Developing performance-oriented .NET applications is not easy. The .NET standard includes only basic guidelines and interface definitions to help programmers develop .NET applications. In addition, .NET data providers do not throw exceptions to say that your code is running too slowly.

Designing a .NET application is a complex process, in part because the code can be very data provider-specific.
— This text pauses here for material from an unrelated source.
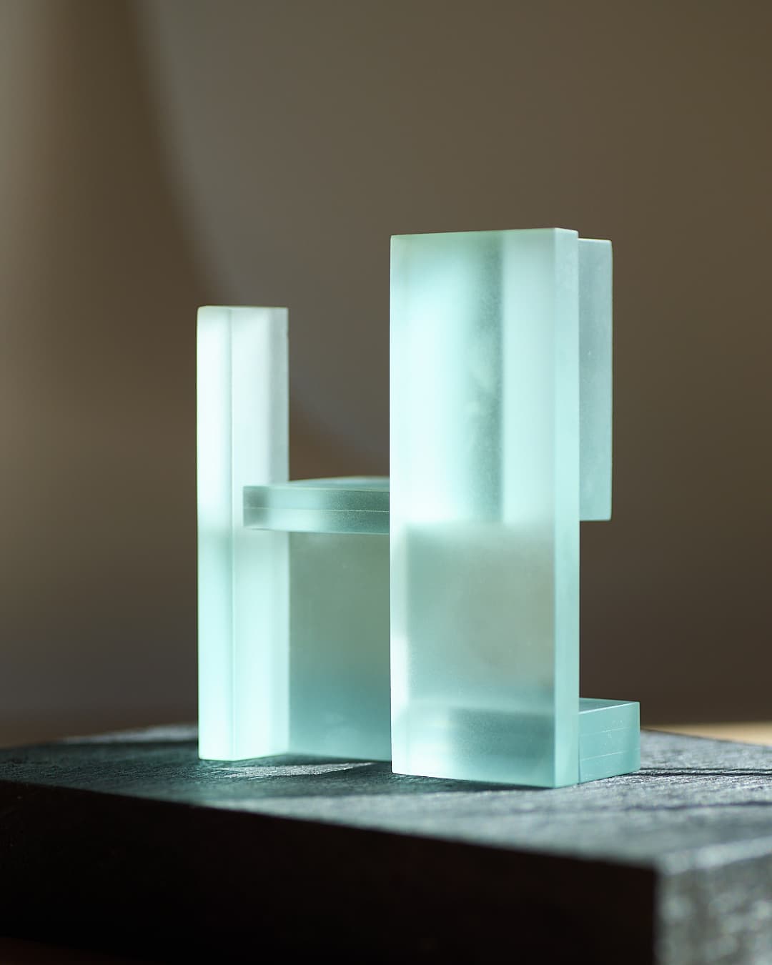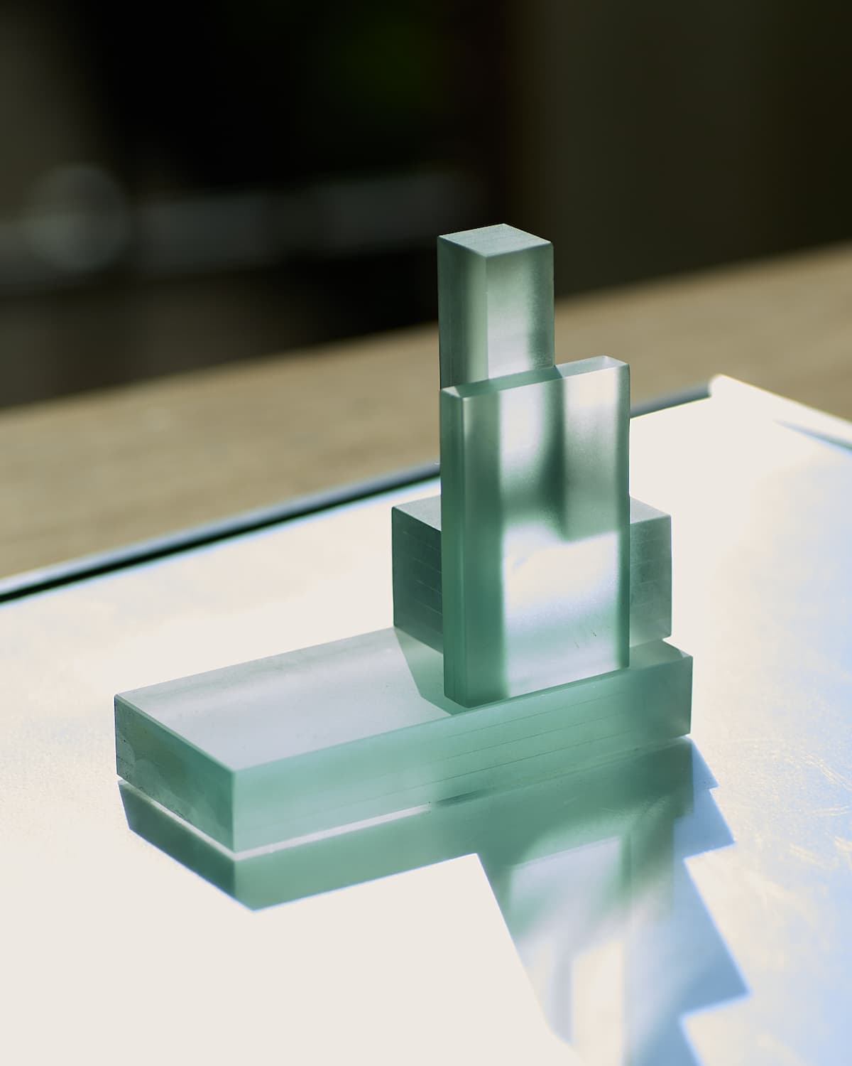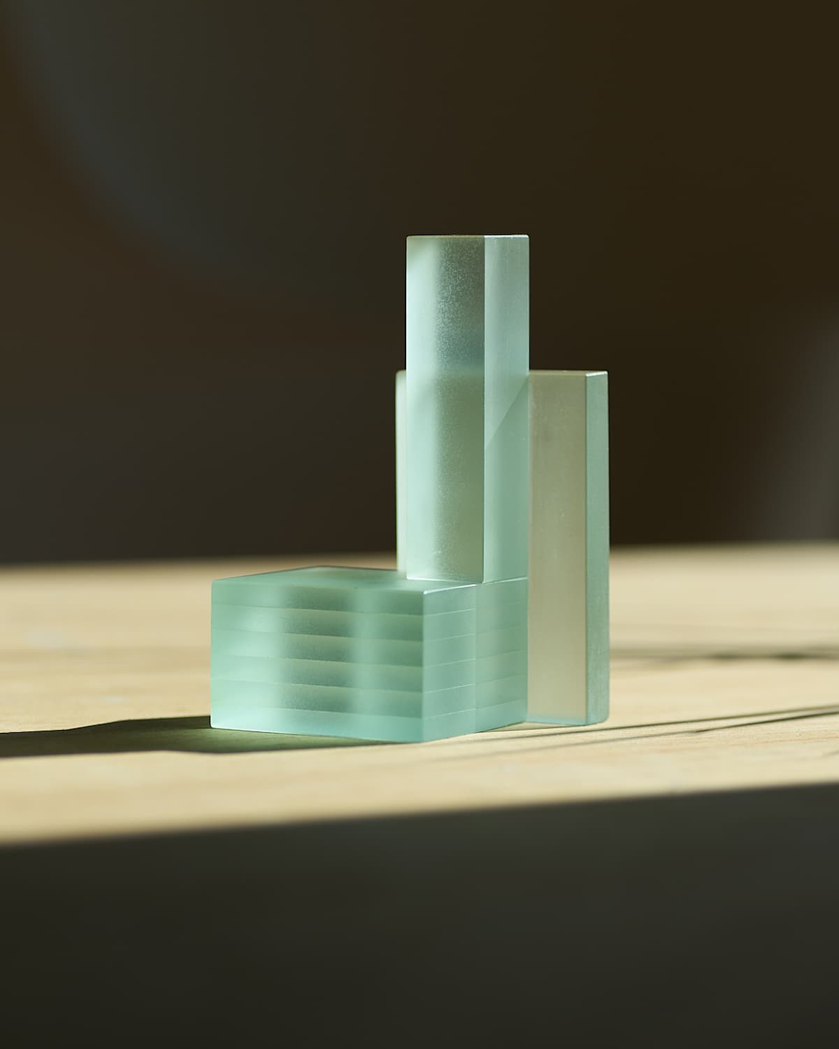WRIGHTオブジェは光にかざすと、淡いラインが幾重にも浮かび上がり、空間に連続するライトブルーの帯からなる静かな層をつくります。また、WRIGHT オブジェは、縦・横・高さ、3通りの置き方ができるように設計しています。向きが変わるたび、空間に伸びゆく影やそのシルエットの変化を楽しめる一点もののオブジェです。

If you are working with several databases, you will find differences in the programming concepts between the data providers. You will need much more database knowledge to design your application to run efficiently.

This article contains guidelines compiled by examining the .NET implementations of shipping .NET applications and analyzing the common performance mistakes that we found. The guidelines discuss selecting .NET objects and methods, designing .NET applications, retrieving data, and updating data.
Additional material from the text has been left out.